I have edited the question filling some details and reworking the errors. Is this right now? Thank you
I want to show that the only solution to the differential equation $$x'(t)= \begin{cases} x(t)\log|x(t)| \text{ if $x(t) \neq 0$} \\ 0 \text{ if $x(t) = 0$ } \end{cases}$$ is the null one. I was provided a lengthy proof by my professor but I'm asking myself if a shorter one is possible.

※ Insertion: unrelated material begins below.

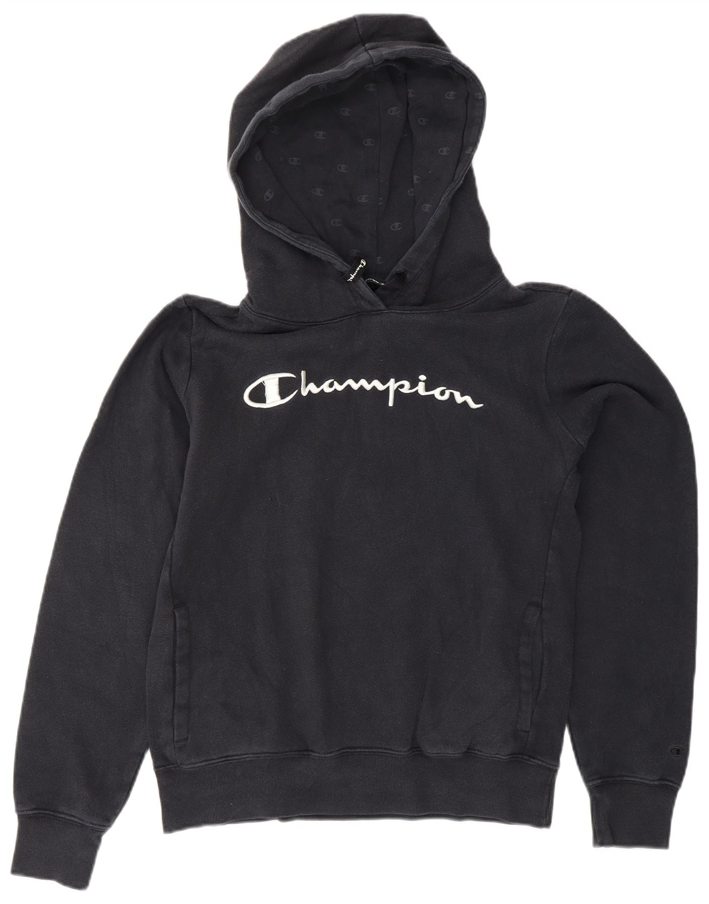 CHAMPION Womens Graphic Hoodie Jumper UK 12 Medium Navy Blue Cotton

My idea is the following. Suppose that there exist a solution $x \neq 0$. This implies there exists a point $t_1$ such that $x(t_1) \neq 0$. Let's suppose $t_1 > 0$ and call $t_0 = \inf_{t_0 \in [0, t_0]} \{ x(\tau) \neq 0: \tau \in [t_0, t_1]\}$. It is easy to see that $x(t_0) = 0$. By continuity, we can also suppose there exists $t_2$ such that $|f(x)| \leq \frac{1}{2}$ in $(t_1, t_2]$
For $t \in (t_0, t_2]$ we can rearrange our original equation as $$ \frac{x'(t)}{x(t) \log(x(t))} = 1$$ since we have made sure that the denominator doesn't vanish.
Integrating at both sides: $$ \int \frac{x'(t)}{x(t) \log(x(t))} = \log |\log |x(t)|| = t + K$$ for some $K \in \mathbb{R}$.
Taking limits as $t \to t_0$: $$ \lim_{t \to t_0} \log |\log |x(t)|| = -\infty \neq \lim_{t \to t_0} t + K = t_0 + K$$ and we reach a contradiction. Repeating the argument for $t_1 < 0$ shows that we must have $x = 0$, ensuring uniqueness.
Is this proof right or I am missing something? I am especially dubious about the rearrangement of the equation. For example, $0$ satisfies the original equation, but not the rearranged one. This is logical since we can't divide by $0$, but I'm not entirely sure I have not removed other posible solutions.
Thanks in advance!
Let $f(x)=x\log(|x|)$ ($f(0)=0$). Then $f$ is strictly decreasing on $I:=[-1/e,1/e]$. If $x$ is a solution of the IVP then, as long as it does not leave $I$ $$ x'(t)x(t)=f(x(t))x(t) \le 0, $$ thus $x(t)^2 \le 0$, thus $x(t)=0$. I particular, it can't leave I, hence $x(t)=0$ for all $t$.